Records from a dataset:
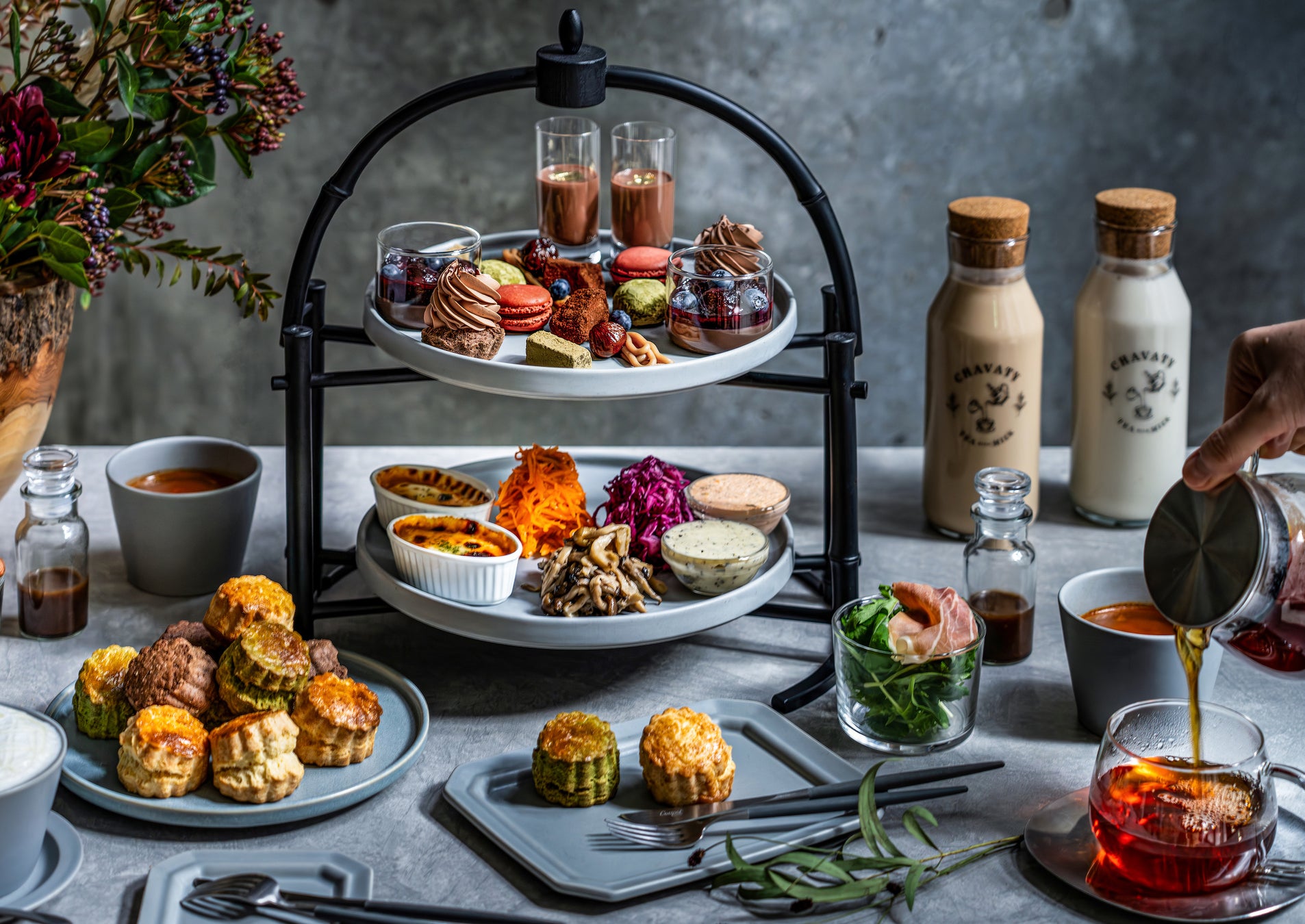また、毎朝焼き上げる手作りスコーンは、プレーンや抹茶の他、くるみ、さつまいもなど数種から好きなだけお選びいただくことができ、たくさんお楽しみいただけるよう小さく可愛らしいサイズで焼いております。スコーンには、渋皮マロンクリームの他、発酵バターを使用した自家製のトリュフバターやサーモンリエットを添えても一層美味しくお召し上がりいただけます。紅茶はCHAVATYのシグニチャーである、スリランカ産セイロンウバのクオリティーシーズンをはじめ、季節のフレーバーティーやハーブティーなどティーフリーにて幅広いメニューをご用意し、ふわふわのフォームが人気のティーラテもたっぷりとお楽しみいただけます。
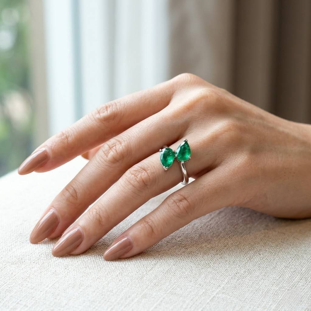 This modern bypass-style ring features two genuine Zambian emeralds weighing 1.58 and 1.65 carats respectively (total ≈ 3.23 carats). Both gems are beautifully cut in pear shapes, glowing in their signature vivid green tones ⇔ Set in 18K white gold (4.47 grams), the open-ended crossover design symbolizes movement, duality, and individuality → A perfect statement for women who celebrate uniqueness with refined grace.™
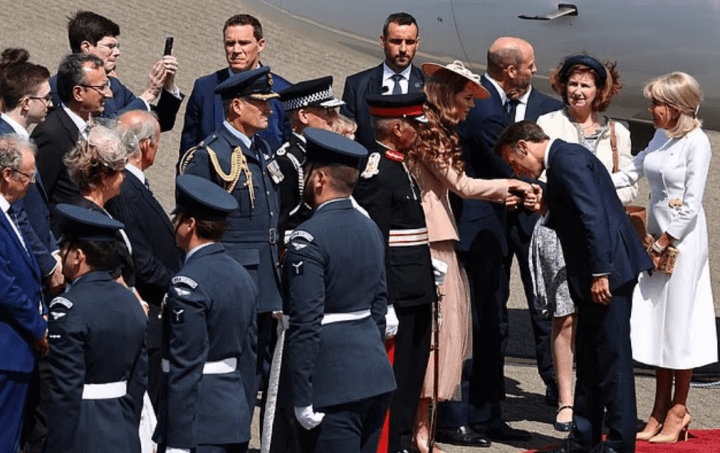 Le rituel des formalités d’accueil est réglé comme du papier à musique. Kate et William ont souhaité la bienvenue à moult hauts dignitaires. Ce sont des champions de la diplomatie. Les photographes mitraillent les élégantes. Chacune incarne son style, ses couleurs. Les dames se sont apprêtées, coiffées, maquillées. Kate salue la haute couture française, un bel exemple de diplomatie du vestiaire. C’est Dior qui l’habille : ensemble blush composé d’une veste Bar – pièce iconique du New Look dessinée en 1947- sur une jupe tutu. Jess Colletta a réalisé le chapeau assorti. Les rédactrices de mode glosent à cœur joie. Kate ou Brigitte, qui remporte la palme de la mode ?
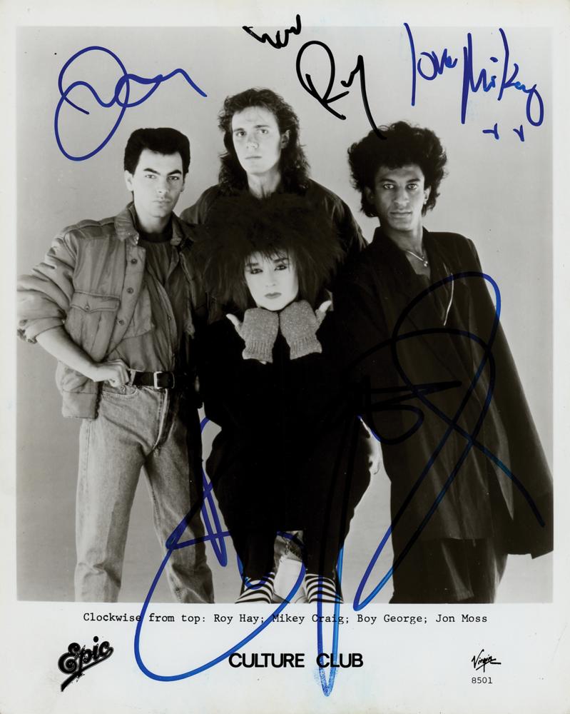 Glossy 8 x 10 Epic Records promo photo of Culture Club, signed in felt tip by Boy George, Roy Hay, Mikey Craig, and Jon Moss. In fine condition, with a minor smudge to the bottom of Boy George's signature. Accompanied by a Culture Club tour pass, stamped "Guest."
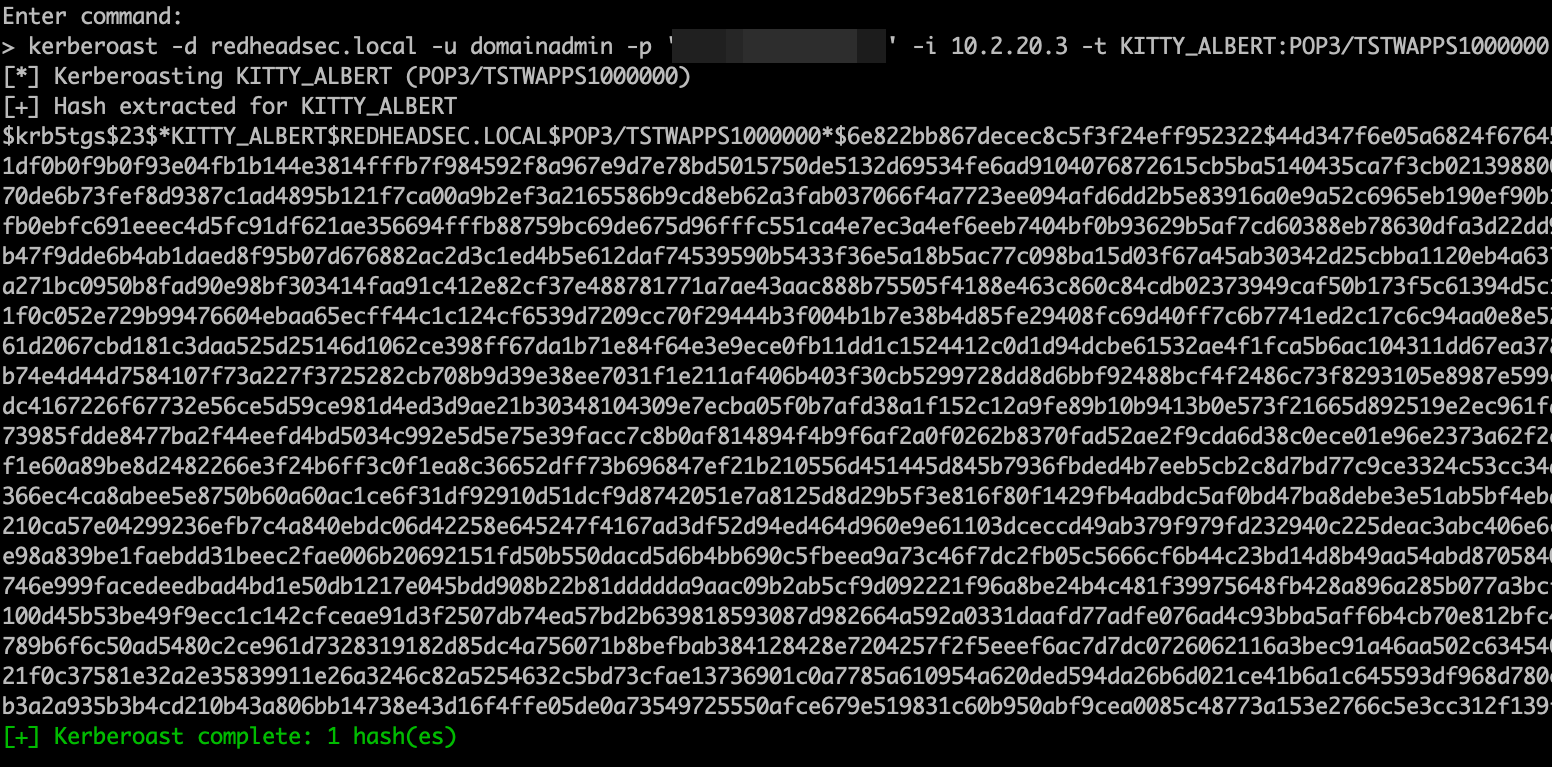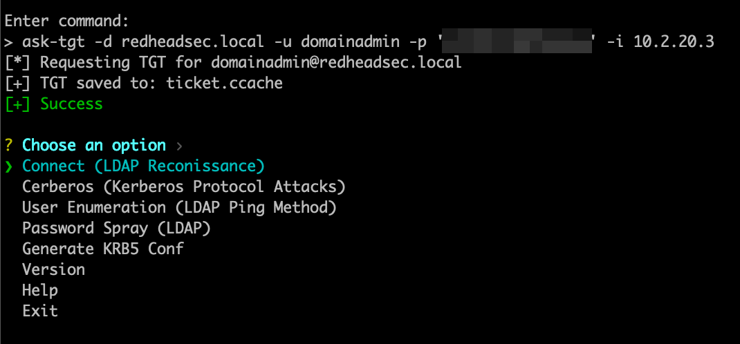We can use the target credentials we have obtained to pull a Kerberos ticket using the ask-tgt
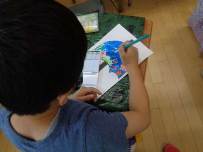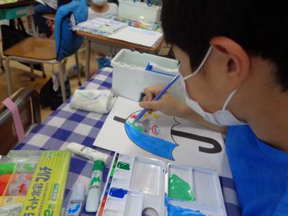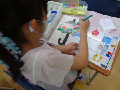 2年生の図工です。傘にクレパスで絵を描いて、水彩絵の具で塗っていました。オリジナルのすてきな傘がパッと開いてきれいです。
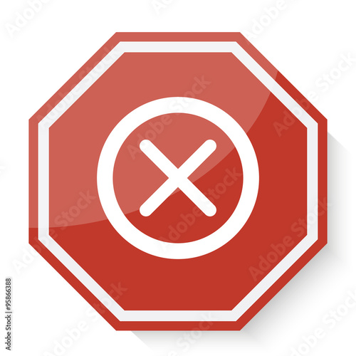Obraz premium White Cancel icon on red stop sign web app
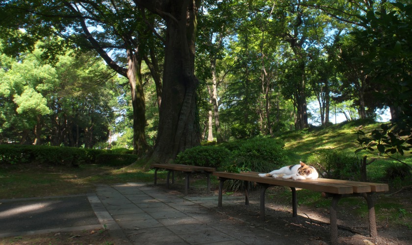 ということで周辺の森で撮影した画像を1枚UPします。涼しい風のそよぐベンチで寝ていたネコが気持ちよさそうでした。本当に今年の夏は暑かったですね。
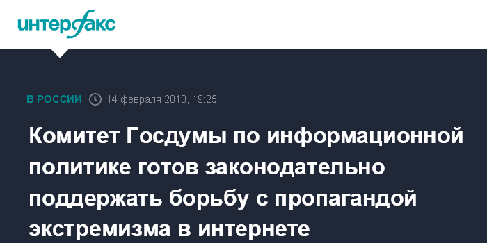 Москва. 14 февраля. INTERFAX.RU - В комитете Госдумы по информационной политике поддерживают инициативу президента РФ о блокировании попыток экстремистов использовать интернет для пропаганды.
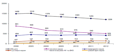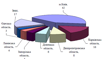 Розподіл кількості наукових установ України за регіонами у 2012 р., %
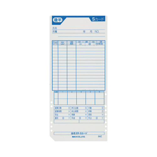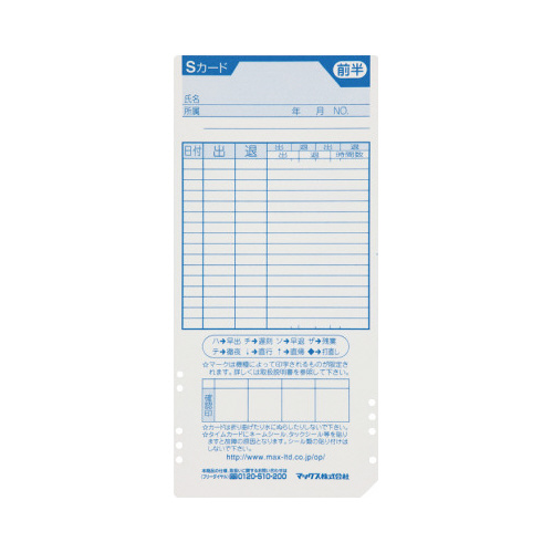 マックスの純正タイムカード。別売りの赤色と組み合わせて社員、パート等使い分けが可能です。

*Exercise instructions*:
Please, without any pictures, print each entry exactly.

*Expected answer*:
また、毎朝焼き上げる手作りスコーンは、プレーンや抹茶の他、くるみ、さつまいもなど数種から好きなだけお選びいただくことができ、たくさんお楽しみいただけるよう小さく可愛らしいサイズで焼いております。スコーンには、渋皮マロンクリームの他、発酵バターを使用した自家製のトリュフバターやサーモンリエットを添えても一層美味しくお召し上がりいただけます。紅茶はCHAVATYのシグニチャーである、スリランカ産セイロンウバのクオリティーシーズンをはじめ、季節のフレーバーティーやハーブティーなどティーフリーにて幅広いメニューをご用意し、ふわふわのフォームが人気のティーラテもたっぷりとお楽しみいただけます。
 This modern bypass-style ring features two genuine Zambian emeralds weighing 1.58 and 1.65 carats respectively (total ≈ 3.23 carats). Both gems are beautifully cut in pear shapes, glowing in their signature vivid green tones ⇔ Set in 18K white gold (4.47 grams), the open-ended crossover design symbolizes movement, duality, and individuality → A perfect statement for women who celebrate uniqueness with refined grace.™
 Le rituel des formalités d’accueil est réglé comme du papier à musique. Kate et William ont souhaité la bienvenue à moult hauts dignitaires. Ce sont des champions de la diplomatie. Les photographes mitraillent les élégantes. Chacune incarne son style, ses couleurs. Les dames se sont apprêtées, coiffées, maquillées. Kate salue la haute couture française, un bel exemple de diplomatie du vestiaire. C’est Dior qui l’habille : ensemble blush composé d’une veste Bar – pièce iconique du New Look dessinée en 1947- sur une jupe tutu. Jess Colletta a réalisé le chapeau assorti. Les rédactrices de mode glosent à cœur joie. Kate ou Brigitte, qui remporte la palme de la mode ?
 Glossy 8 x 10 Epic Records promo photo of Culture Club, signed in felt tip by Boy George, Roy Hay, Mikey Craig, and Jon Moss. In fine condition, with a minor smudge to the bottom of Boy George's signature. Accompanied by a Culture Club tour pass, stamped "Guest."
We can use the target credentials we have obtained to pull a Kerberos ticket using the ask-tgt
 2年生の図工です。傘にクレパスで絵を描いて、水彩絵の具で塗っていました。オリジナルのすてきな傘がパッと開いてきれいです。
Obraz premium White Cancel icon on red stop sign web app
 ということで周辺の森で撮影した画像を1枚UPします。涼しい風のそよぐベンチで寝ていたネコが気持ちよさそうでした。本当に今年の夏は暑かったですね。
 Москва. 14 февраля. INTERFAX.RU - В комитете Госдумы по информационной политике поддерживают инициативу президента РФ о блокировании попыток экстремистов использовать интернет для пропаганды.
 Розподіл кількості наукових установ України за регіонами у 2012 р., %
 マックスの純正タイムカード。別売りの赤色と組み合わせて社員、パート等使い分けが可能です。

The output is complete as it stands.